5-element Vector{Float64}:
  2.0
  4.0
  6.0
  8.0
 10.0

And you can run the same benchmarks to see what you gained (although such a small input may not be realistic):

prep2 = prepare_gradient(f, backend2, randn!(similar(x)))

@benchmark gradient!($f, $grad, $prep2, $backend2, $x)

BenchmarkTools.Trial: 10000 samples with 996 evaluations per sample.
 Range (min … max):  26.163 ns …  33.973 μs  ┊ GC (min … max):  0.00% … 99.73%
 Time  (median):     50.405 ns               ┊ GC (median):     0.00%
 Time  (mean ± σ):   54.110 ns ± 561.166 ns  ┊ GC (mean ± σ):  17.90% ±  1.73%

   █▅                                                           
  ▄██▃▂▁▁▁▁▁▁▁▁▁▁▁▁▁▁▁▁▁▁▁▁▁▁▁▁▂▅▅█▅▅▅█▅▂▁▁▁▁▂▂▂▂▃▃▄▃▂▁▁▁▁▁▁▁▁ ▂
  26.2 ns         Histogram: frequency by time         71.6 ns <

 Memory estimate: 96 bytes, allocs estimate: 2.

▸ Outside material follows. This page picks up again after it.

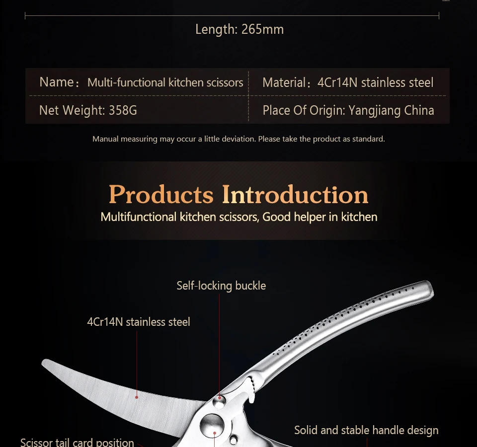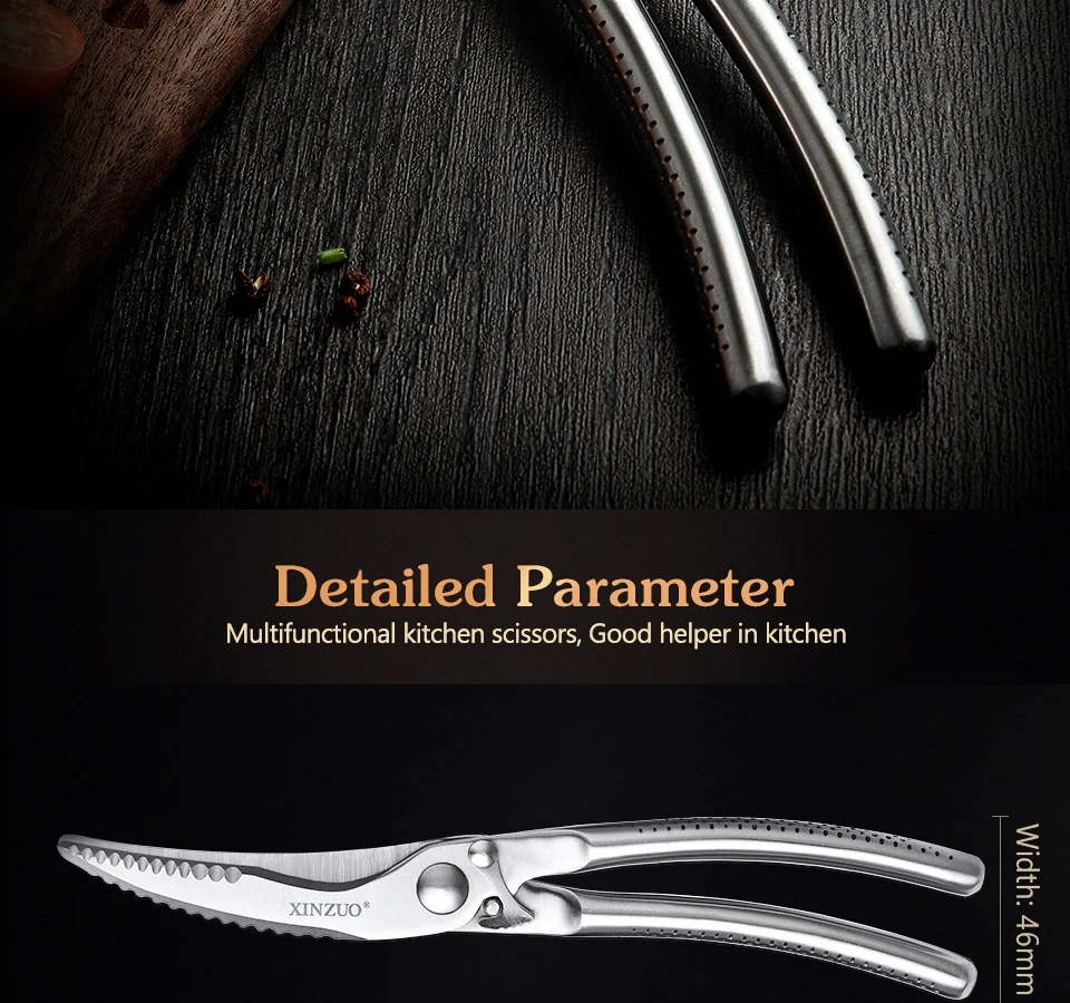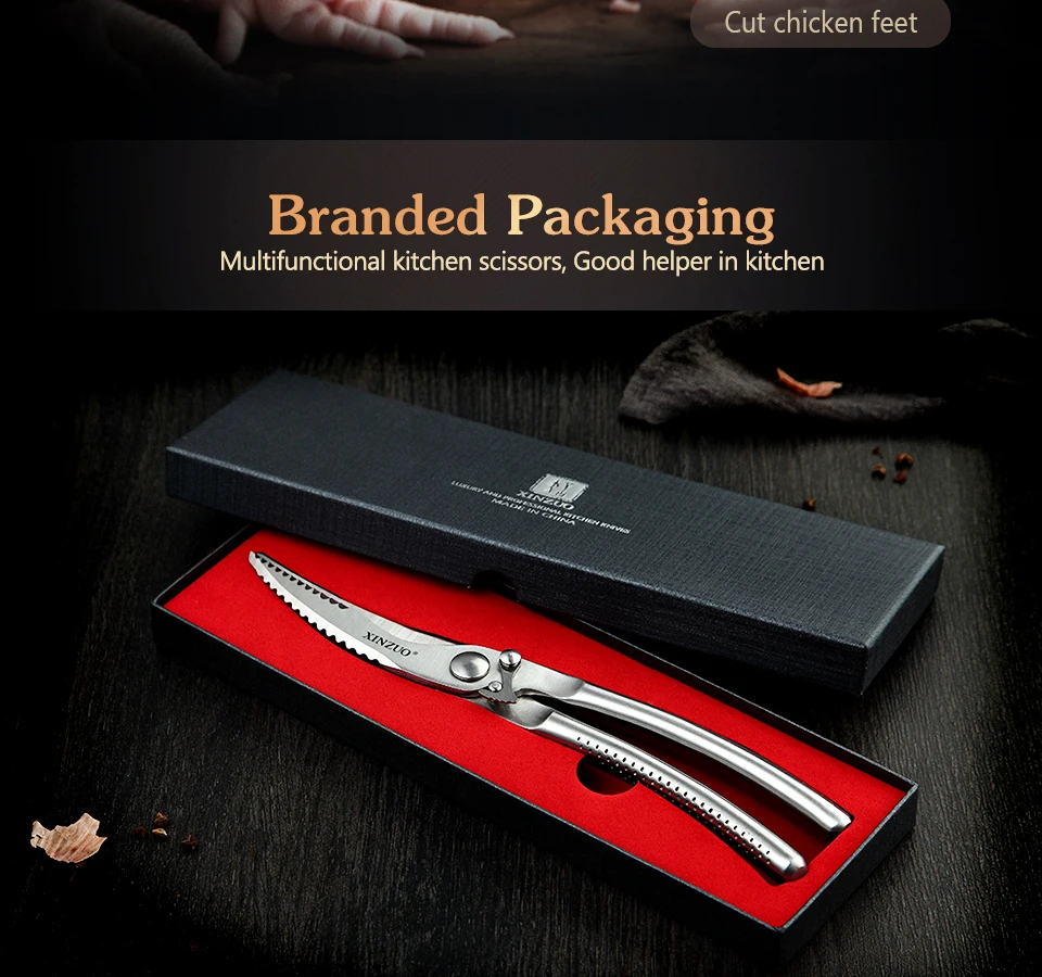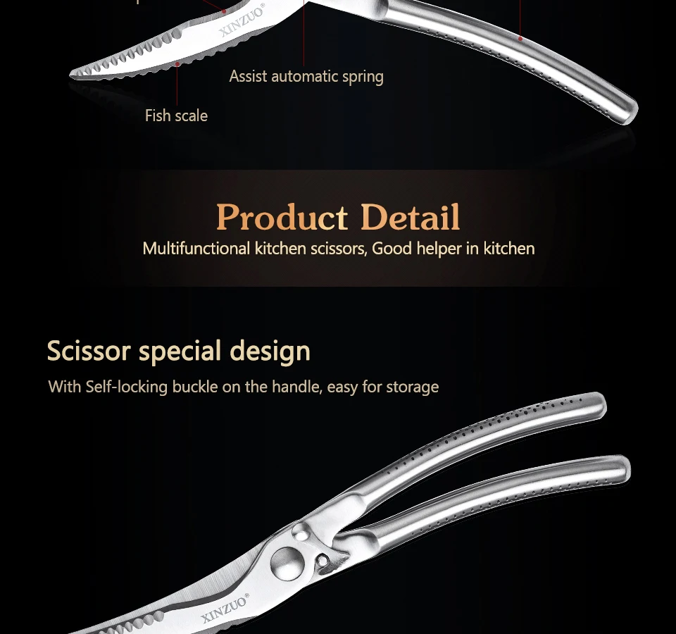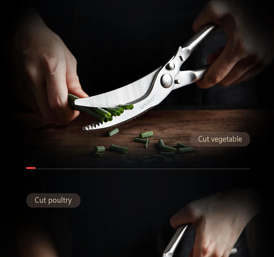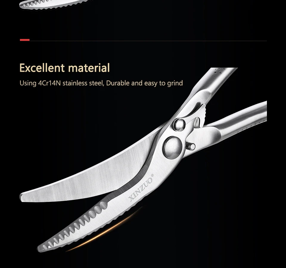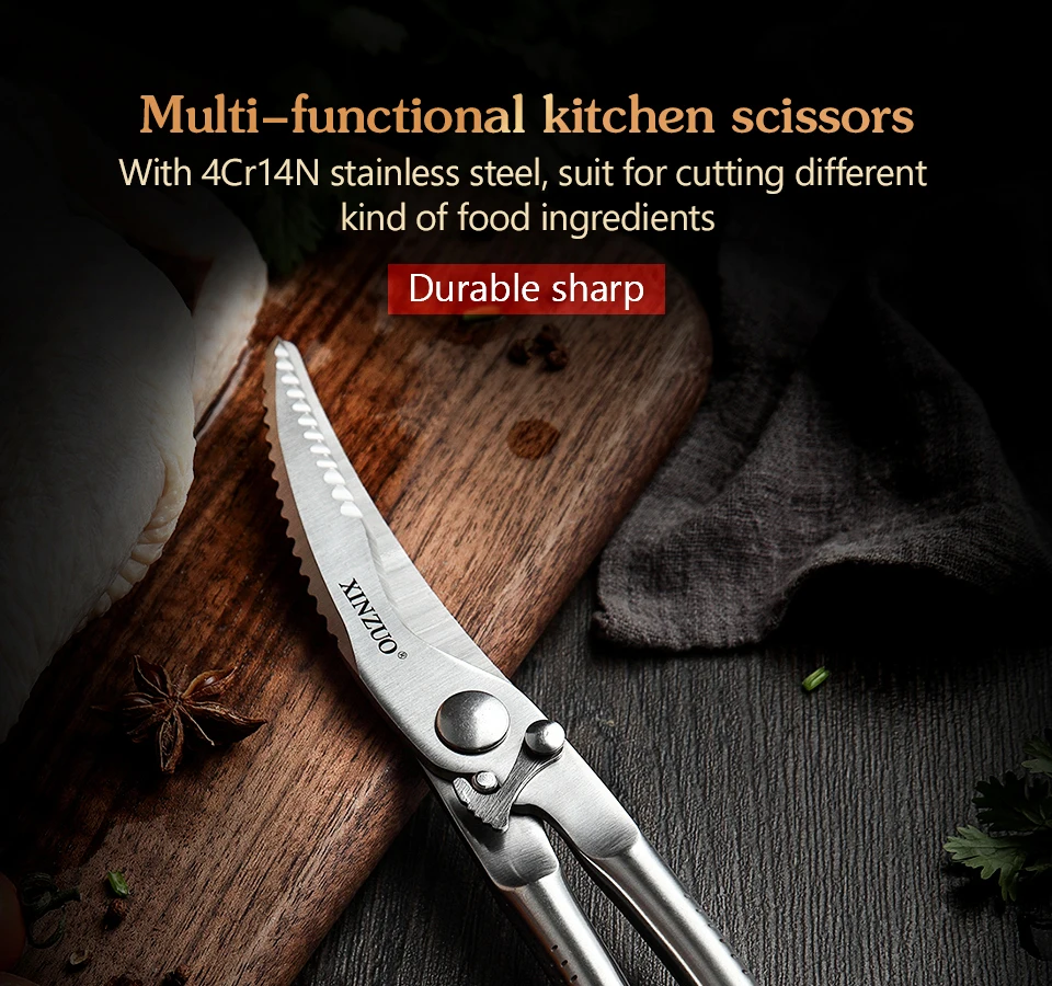 XINZUO Kitchen Scissors 4Cr14N Stainless Steel Kitchen Knives Brand Durable Sharp Shear Cut Chicken Poultry Fish Meat Vegetables

In short, DifferentiationInterface.jl allows for easy testing and comparison of AD backends. If you want to go further, check out the documentation of DifferentiationInterfaceTest.jl. This related package provides benchmarking utilities to compare backends and help you select the one that is best suited for your problem.